Bardzo trudna sytuacja utrzymuje się w Lod, izraelskim tzw. mieście mieszanym, z liczną mniejszością arabską, gdzie wcześniej wybuchły gwałtowne zamieszki, podczas których m.in. podpalono kilka synagog, wiele samochodów, a także niszczono sklepy należące do Żydów. W nocy, po dramatycznym apelu burmistrza miasta, na miejsce ściągnięto oddziały izraelskiej policji granicznej. W Lod oraz kilku innym miastach ogłoszono stan wyjątkowy. Podobne zdarzenia miały miejsce w innych miejscach, m.in. w Ramli, gdzie miało dojść do ataków na domy Żydów, a także w Akrze, gdzie spalono restaurację i hotel należące do Żyda. Z drugiej strony, informowano o agresywnych działaniach Izraelczyków względem ludności arabskiej. Rzucano kamieniami w ich samochody, a w rejonie Lod podłożono ogień na muzułmańskim cmentarzu. Podano też, że Żyd, obywatel Izraela, zabił Palestyńczyka, który również był izraelskim obywatelem.

Zobacz: Izrael: w Lod płoną synagogi, żydowskie sklepy i samochody [+VIDEO]

Według Brygad al-Kassam, zbrojnego ramienia Hamasu, w ramach odwetu w stronę Izraela wystrzelono ponad 200 rakiet, z czego 110 w kierunku Tel Awiwu, a 100 w Berszewę. Z kolei w wyniku jednego z izraelskich nalotów w południowej części Strefy Gazy pod gruzami zbombardowanego budynku zginęła ciężarna kobieta i jej 5-letni syn.

Specjalny koordynator ONZ na Bliskim Wschodzie, Tor Wennesland wezwał do natychmiastowej deeskalacji konfliktu, ostrzegając, że sytuacja grozi wybuchem wojny na pełną skalę. Według służb ONZ, w dniach 7-10 maja br. we wschodniej Jerozolimie w wyniku działań sił izraelskich rannych i poszkodowanych zostało około tysiąca Palestyńczyków. Ponad 70 proc. to obrażenia od gumowych kul.

Jak pisaliśmy, we wtorek wieczorem ze Strefy Gazy przeprowadzono wielki atak rakietowy na Tel Awiw i jego okolice. W mediach społecznościowych pojawiły się liczne nagrania pokazujące nadlatujące rakiety oraz przechwytujące je pociski systemu „Żelazna Kopuła”. Jak podano, do przeprowadzenia uderzenia użyto ponad 130 rakiet. Do ostatnich ataków rakietowych na Izrael przyznał się Islamski Dżihad.
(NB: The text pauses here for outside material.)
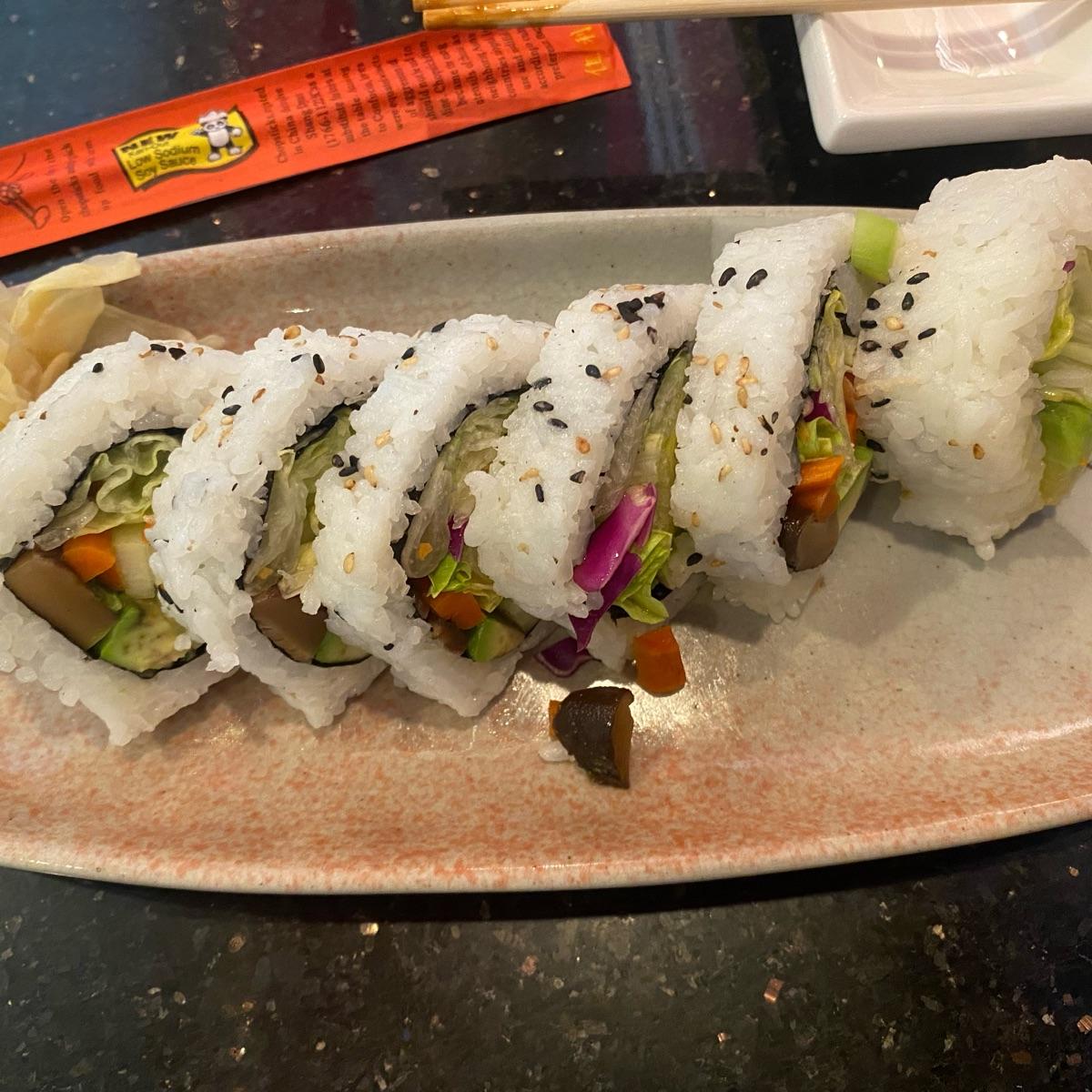 #delicious #veggiesushi that contained #mushroom, #lettuce, #carrots, #cucumber, and #avocado. It was too big to pick up with chopsticks and kept falling apart 😂 but it was because it was stuffed with delicious vegetables 😍
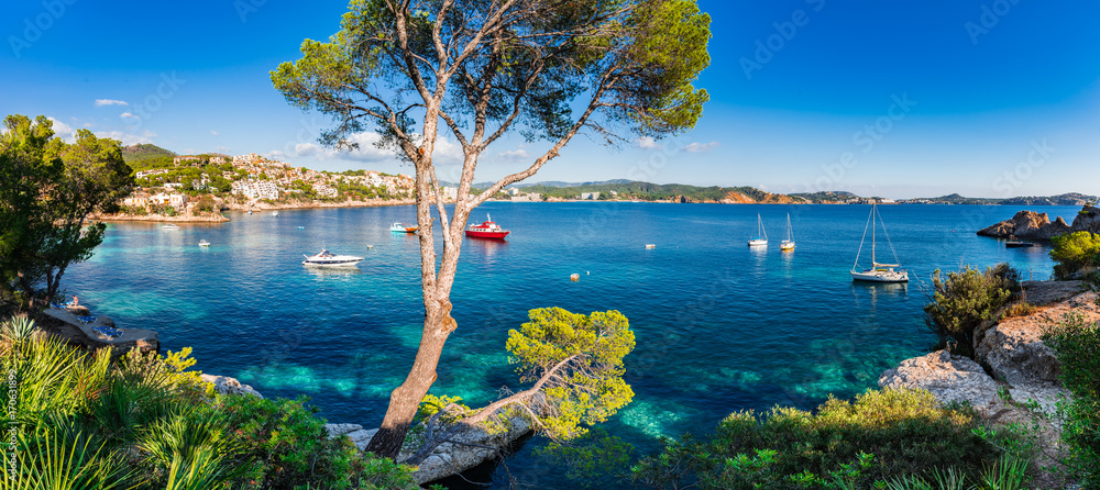 Obraz na plátně Idyllic panorama island scenery of bay with boats at Cala Fornells on Majorca is

Organizacja ta zagroziła przeprowadzeniem kolejnych ataków, jeśli Izrael dalej będzie atakował wysokie budynki i palestyńskich cywilów w rejonie Gazy.

Zobacz: Zmasowany atak rakietowy na Izrael. Hamas: wystrzelono ponad 130 rakiet [+VIDEO/+FOTO]

Na specjalnie zwołanej konferencji prasowej izraelski premier Benjamin Netanjahu zapowiedział, że odpowiedzialne za ataki organizacje palestyńskie Hamas i Palestyński Islamski Dżihad „zapłacą bardzo wysoką cenę” za przeprowadzenie ataków rakietowych. Lider Hamasu mówił o wygranej „bitwie o Jerozolimę” i „nowej równowadze sił”.

Przypomnijmy, że wcześniej media podały informację o zawaleniu się 13-piętrowego bloku mieszkalnego w Strefie Gazy w wyniku izraelskiego nalotu. Według agencji Reutera w budynku tym mieściło się biuro używane przez polityczne przywództwo Hamasu. Później pojawiły się informacje, że izraelski dron zaatakował rakietami i zniszczył inny wysoki budynek w Gazie (Al-Jawhara Tower). Według Izraelskich Sił Obronnych, miał tam mieścić się skład broni Hamasu. Atak odwetowy miały przeprowadzić również jednostki izraelskiej marynarki wojennej.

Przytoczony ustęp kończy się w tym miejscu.